高校時代に甘いマスクでアイドル的な人気を博し、“大ちゃんフィーバー”を巻き起こした荒木大輔。小学6年生の時に調布リトルでリトルリーグ世界一に輝き、早稲田実業高校に進学後は1年生の夏に準優勝するなど、甲子園に5季連続で出場。83年のドラフト1位でヤクルトに入団し、86年、87年には開幕投手も務めたが、88年から3度にわたって右肘を手術するなどケガに苦しみ、96年に引退した。甲子園のヒーロー荒木大輔のTHE CHANGEに迫る。【第1回/全2回】

荒木大輔 撮影/小川伸晃

 つくづく僕は幸せな野球人生が送れたと思っているんですよ。僕といえば甲子園というイメージが強いと思うんですが、それも運が良かったんです。

 大会前のバント練習中に2年生エースがケガをしてしまったんです。バッティングマシンのボールが当たってしまったんですね。

 そんなアクシデントもあって早稲田実業1年生で背番号16番で甲子園のマウンドに立つことになりました。まさか1年生だった僕が試合で投げられるとは思ってもいなかったですね。

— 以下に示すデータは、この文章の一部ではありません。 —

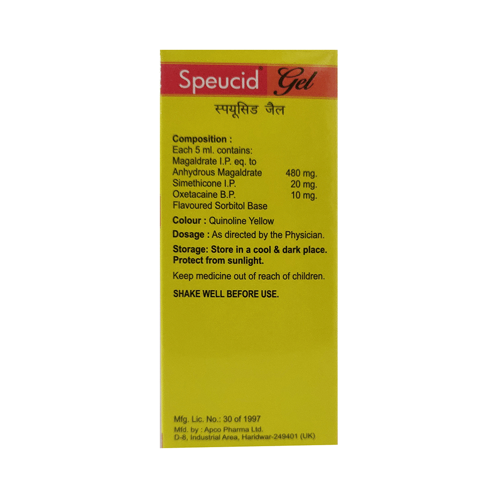 In Treatment of AciditySpeucid Gel Sugar Free Cardamom relieves excessive acidity in your stomach which prevents heartburn and indigestion. Usually, it is used along with other medicines for management of your condition. Continue taking it for as long as the doctor may advise you to. You need to take this medicine regularly to get the most out of it. Take a fiber-rich diet, avoid oily or spicy food and drink plenty of fluids while taking it to make sure you stay hydrated.In Treatment of HeartburnHeartburn is a burning feeling in your chest caused by stomach acids travelling back up towards your throat and mouth (acid reflux). Speucid Gel Sugar Free Cardamom improves the movement of food in the stomach and helps prevent heartburn.You should take it exactly as it is prescribed or as it says on the label for it to be effective. Some simple lifestyle changes can help stop or reduce heartburn. Think about what foods trigger heartburn and try to avoid them; eat smaller, more frequent meals; try to lose weight if you are overweight and try to find ways to relax. Do not eat within 3 to 4 hours of going to bed.In Treatment of Stomach ulcersStomach ulcers are painful sores that develop in the inner lining of the stomach or gut (intestine). Speucid Gel Sugar Free Cardamom reduces the amount of acid your stomach makes which prevents further damage to the ulcer as it heals naturally. You may be given other medicines along with this medicine depending on what caused the ulcer. You need to keep taking Speucid Gel Sugar Free Cardamom as prescribed by the doctor for it to be effective, even if the symptoms seem to disappear.show moreshow less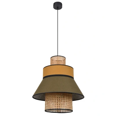 Lamp MastersMARKET SET Singapour ML hanging light – Design meets natural materials for stylish living spaces The MARKET SET Singapour ML hanging light combines high-quality materials such as textile, rattan and metal to create a harmonious overall concept. The colour combination of light wood, khaki and curry gives the light a warm yet modern look. With its sophisticated design, it is an eye-catching feature in the living room, dining room or bedroom and blends seamlessly into various interior styles. A particular highlight is the elegant textile cable, which emphasises the high-quality workmanship. The lamp is dimmable when used with an external dimmer, allowing you to flexibly adjust the lighting mood. Manufactured in Europe, the hanging light impresses with its quality and timeless aesthetics – ideal for sophisticated interior design concepts.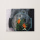 Eine schöne, graue, blaue, lange Haarkatze schaut in eine runde Goldfischschale mit einem großartigen Auge und Gesicht. Der Goldfisch sieht verblüfft aus, als er über den vielen bunten kleinen Kieselsteinen schwimmt.

 なんなら当時のポジションはサードでしたから(笑)。

 甲子園の序盤、宿舎で僕らを見送ってくれたのは、女将さんを含めて5〜6人でした。しかし、試合に勝って帰って来たときは、バスが宿舎にとめられないくらいの人だかり。これが“大ちゃんフィーバー”のはじまりでした。そこから僕の人生は大きく変わることになります。